> [Aim of the task]:
All lines in the records below from the line with "By analyzing MODIS" through the line with "소녀 조끼 아기의 조끼" are to be given again exactly, both ends included; the pictures are to be left out.

> [Materials provided]:
########

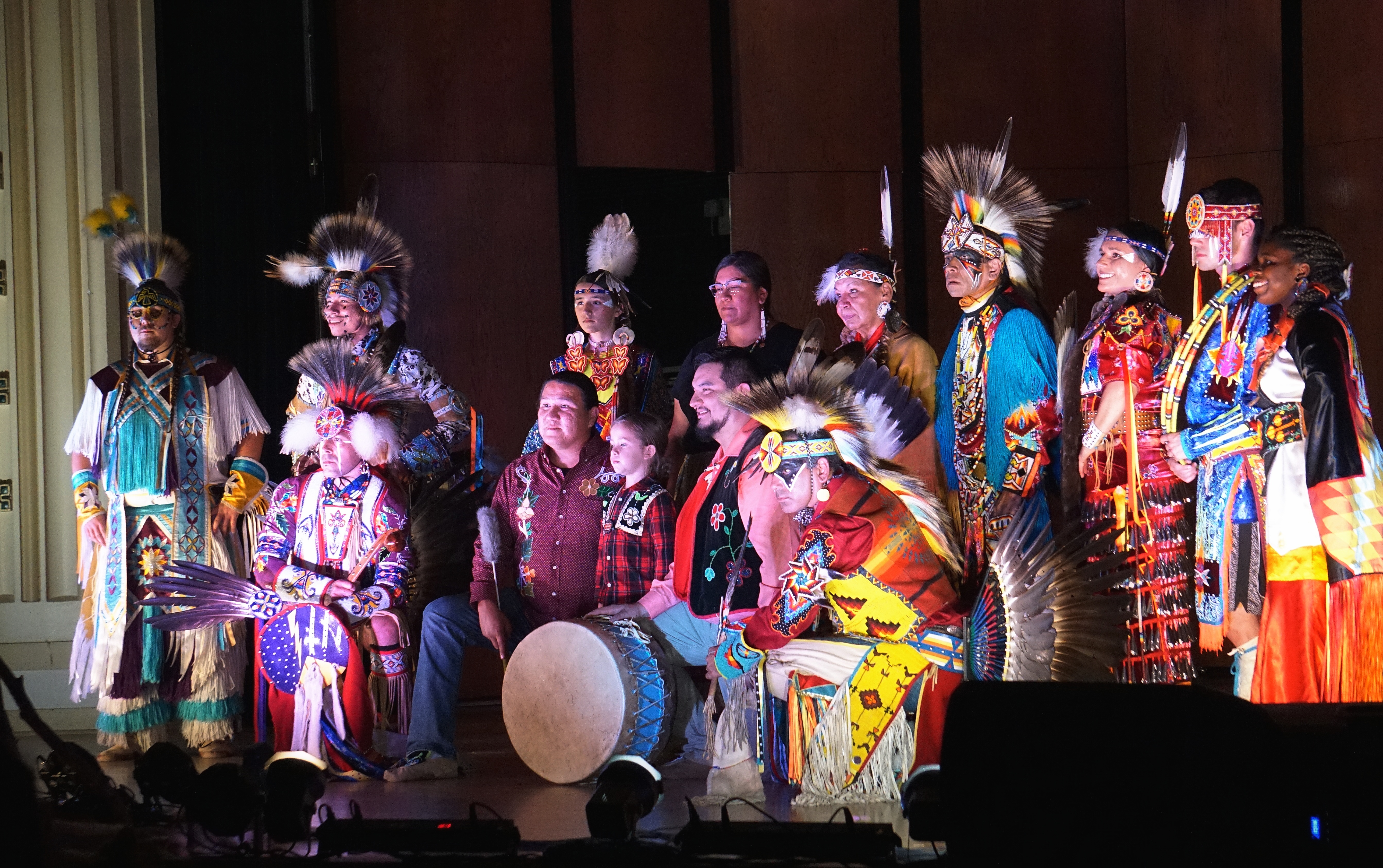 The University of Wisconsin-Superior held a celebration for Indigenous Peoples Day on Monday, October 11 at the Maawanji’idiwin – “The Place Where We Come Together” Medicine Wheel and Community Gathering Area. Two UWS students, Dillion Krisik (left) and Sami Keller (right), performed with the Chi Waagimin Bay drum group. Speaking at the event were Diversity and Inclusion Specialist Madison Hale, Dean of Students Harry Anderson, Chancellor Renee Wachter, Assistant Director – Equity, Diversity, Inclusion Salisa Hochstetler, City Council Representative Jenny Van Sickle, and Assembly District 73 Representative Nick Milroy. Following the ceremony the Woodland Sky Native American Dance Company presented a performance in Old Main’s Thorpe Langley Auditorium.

########

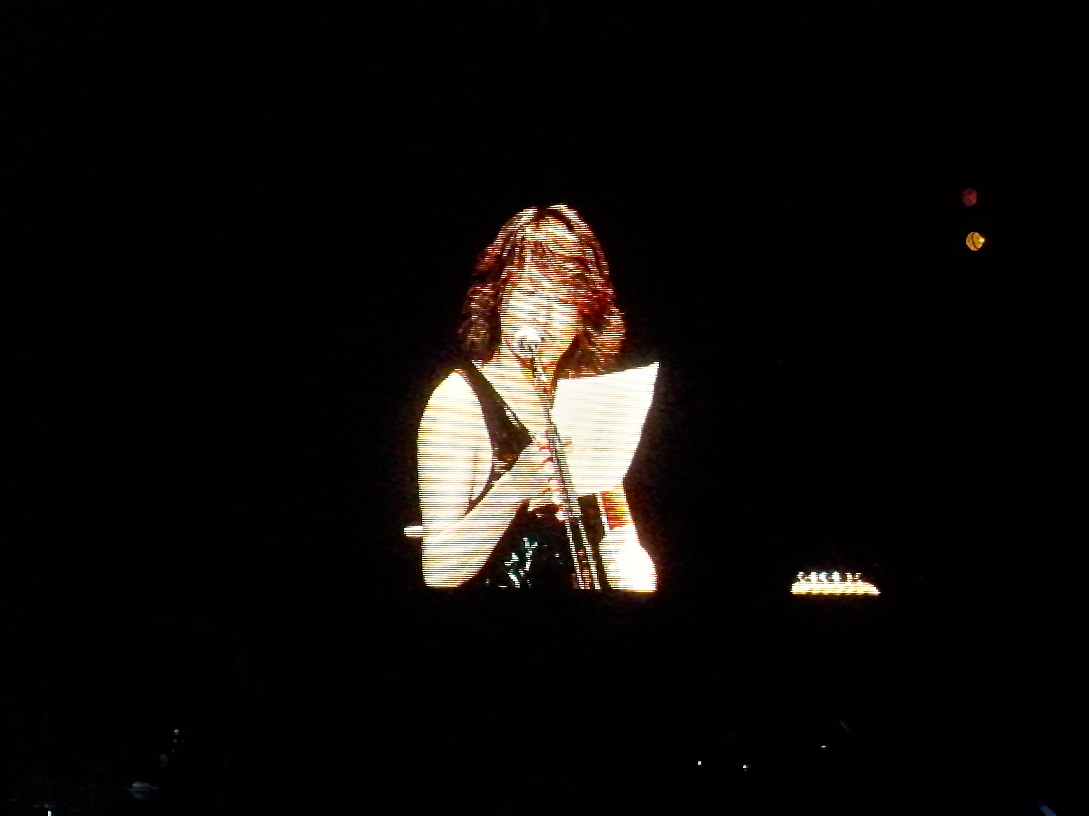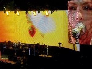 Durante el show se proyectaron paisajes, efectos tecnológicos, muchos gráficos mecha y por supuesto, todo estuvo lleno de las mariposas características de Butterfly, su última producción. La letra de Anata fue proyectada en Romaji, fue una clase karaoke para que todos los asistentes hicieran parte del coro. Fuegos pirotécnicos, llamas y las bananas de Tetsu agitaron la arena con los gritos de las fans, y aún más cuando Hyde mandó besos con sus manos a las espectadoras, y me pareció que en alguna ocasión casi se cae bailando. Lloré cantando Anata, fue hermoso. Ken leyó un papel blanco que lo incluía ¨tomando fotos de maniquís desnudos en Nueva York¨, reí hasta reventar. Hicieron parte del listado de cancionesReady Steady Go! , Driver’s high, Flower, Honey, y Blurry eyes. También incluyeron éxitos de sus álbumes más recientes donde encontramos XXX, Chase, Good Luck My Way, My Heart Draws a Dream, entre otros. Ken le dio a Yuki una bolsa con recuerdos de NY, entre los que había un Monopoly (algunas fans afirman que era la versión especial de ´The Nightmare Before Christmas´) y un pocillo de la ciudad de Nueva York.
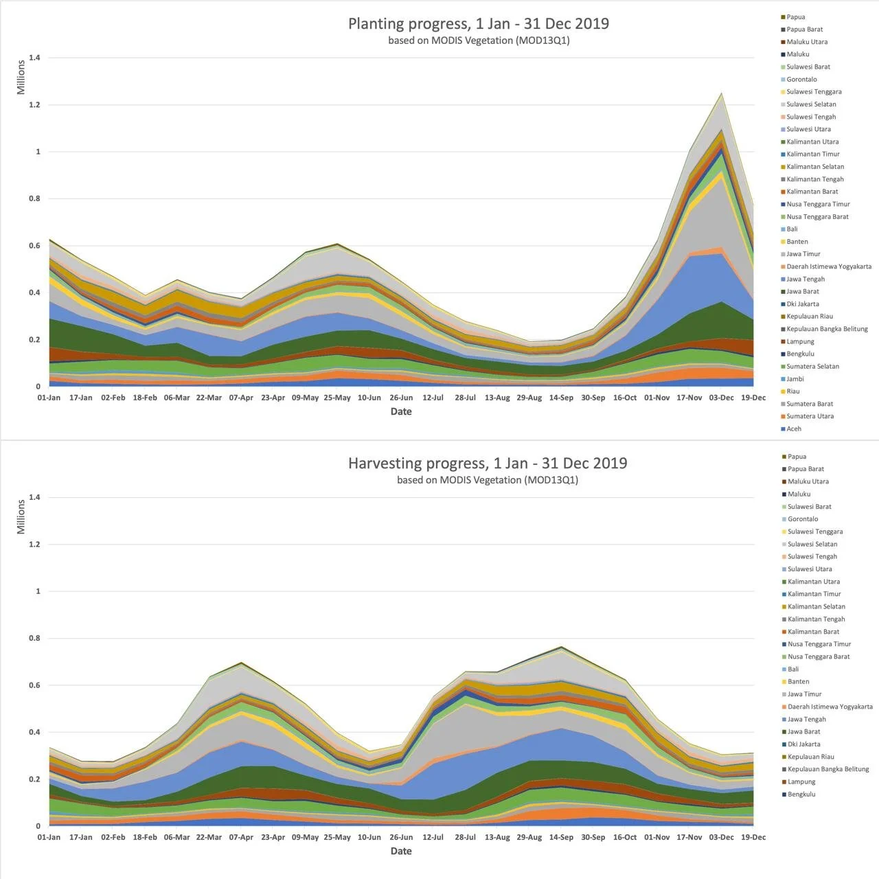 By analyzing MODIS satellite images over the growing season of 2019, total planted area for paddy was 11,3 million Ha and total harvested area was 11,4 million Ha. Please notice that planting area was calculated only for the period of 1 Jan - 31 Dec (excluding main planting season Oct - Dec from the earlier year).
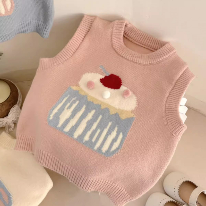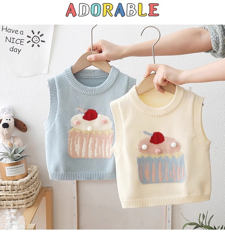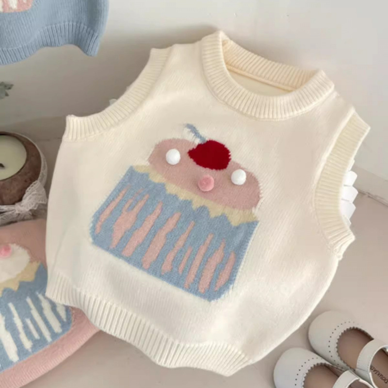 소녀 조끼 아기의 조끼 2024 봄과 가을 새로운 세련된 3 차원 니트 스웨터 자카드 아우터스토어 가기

########

> [Exercise result]:
 By analyzing MODIS satellite images over the growing season of 2019, total planted area for paddy was 11,3 million Ha and total harvested area was 11,4 million Ha. Please notice that planting area was calculated only for the period of 1 Jan - 31 Dec (excluding main planting season Oct - Dec from the earlier year).
 소녀 조끼 아기의 조끼 2024 봄과 가을 새로운 세련된 3 차원 니트 스웨터 자카드 아우터스토어 가기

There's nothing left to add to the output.